Weyerhaeuser treated its employees well and some like Nagus still managed to keep their jobs as the plant was placed in a quiet state waiting for when production would return.

“I said to Carole-Anne (his wife), that while Weyerhauser is keeping us on, there is no guarantee how long they can keep that up.” We loved Hudson Bay and the people there and during this time an opportunity came up with Bruce Power. After a telephone interview, Bruce Power offered to fly him and his family out for a formal interview and to see the operation. Nagus says,” off we went, and we are still here”.

Bruce Power hired Nagus as a section manager after control maintenance for Bruce B. He spent time later as assistant maintenance manager at Bruce B and then as assistant maintenance manager at Bruce A. When Bruce Power began the refurbishment of the site, Nagus moved into a role as a construction manager for the next six years. Now, he holds the position of construction manager in labour relations.
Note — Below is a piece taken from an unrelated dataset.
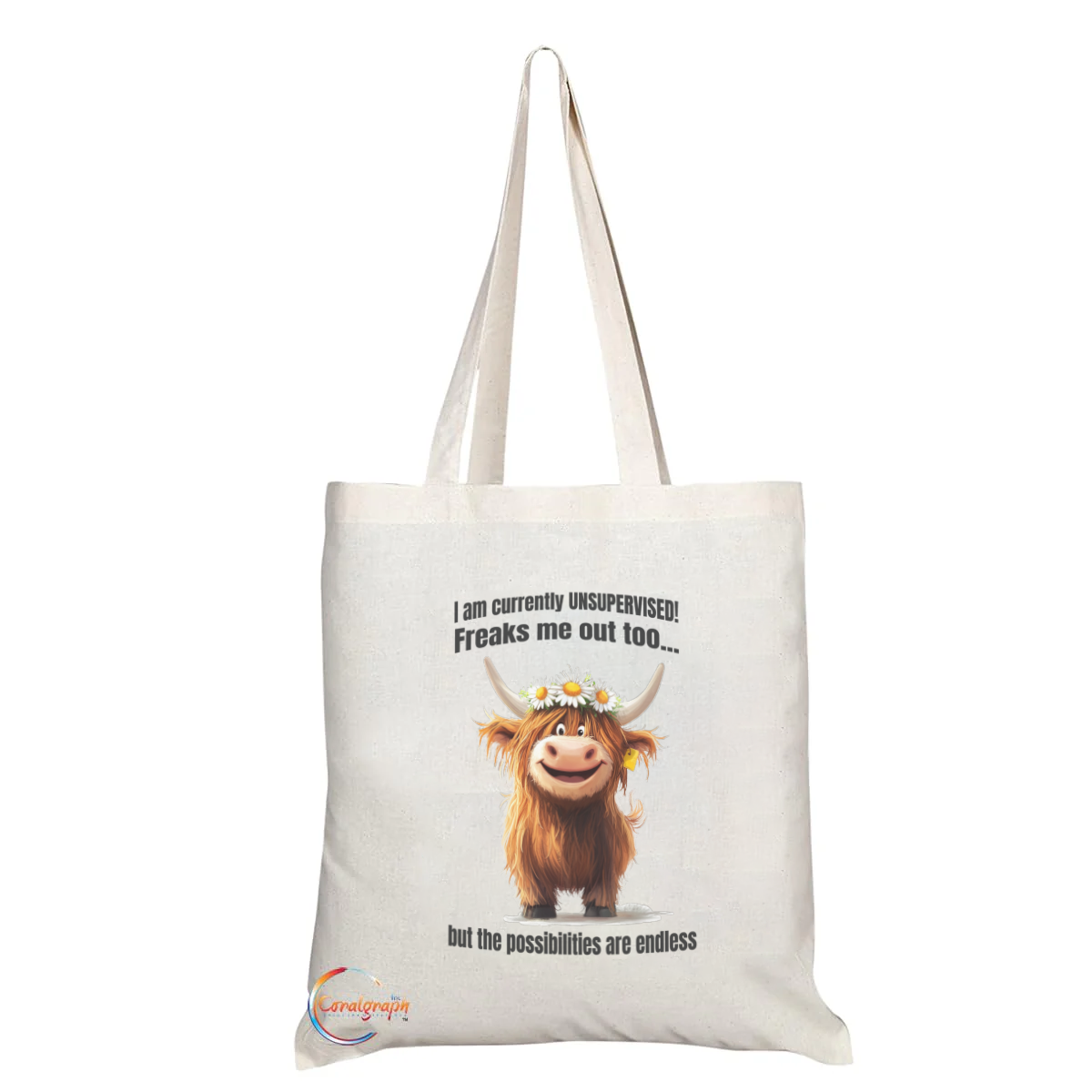Let your playful side shine with this hilarious and heartwarming tote bag featuring a flower-crowned Highland cow and the caption: "I am currently unsupervised! Freaks me out too… but the possibilities are endless."
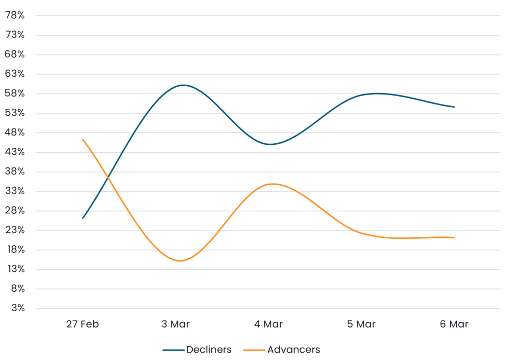 Reveals the percent of IG Corps increasing in price (advancers) vs. IG Corps decreasing in price (decliners) between 2/27/26 – 3/6/26

“Bruce Power has about 4,000 permanent employees that work on site,” Nagus says. “On the construction side with our vendor partners, we have up to 3,000 trades on site at peak. This includes millwrights, electricians, pipe fitters and many others pushing the total number close to 11,000 as we progress through our refurbishment of the site. It is a fully unionized work-force on site and numerous issues arise.

 “Never did I think I would be working for a nuclear power plant or move to Ontario when I started the Instrumentation program at STI in Moose Jaw. One thing you learn is that where you start your career and what you do, may and most likely will change. As a manager, I am no longer working on the trades directly, however, everything I did up till this point has led me here.”

Nagus received his 15-year service award with Bruce Power, the longest he has worked anywhere. Nagus says, “Bruce Power is a great company to work for and I’m excited about the future of the company as we refurbish the site and investigate a new build to safely operate out to 2064.”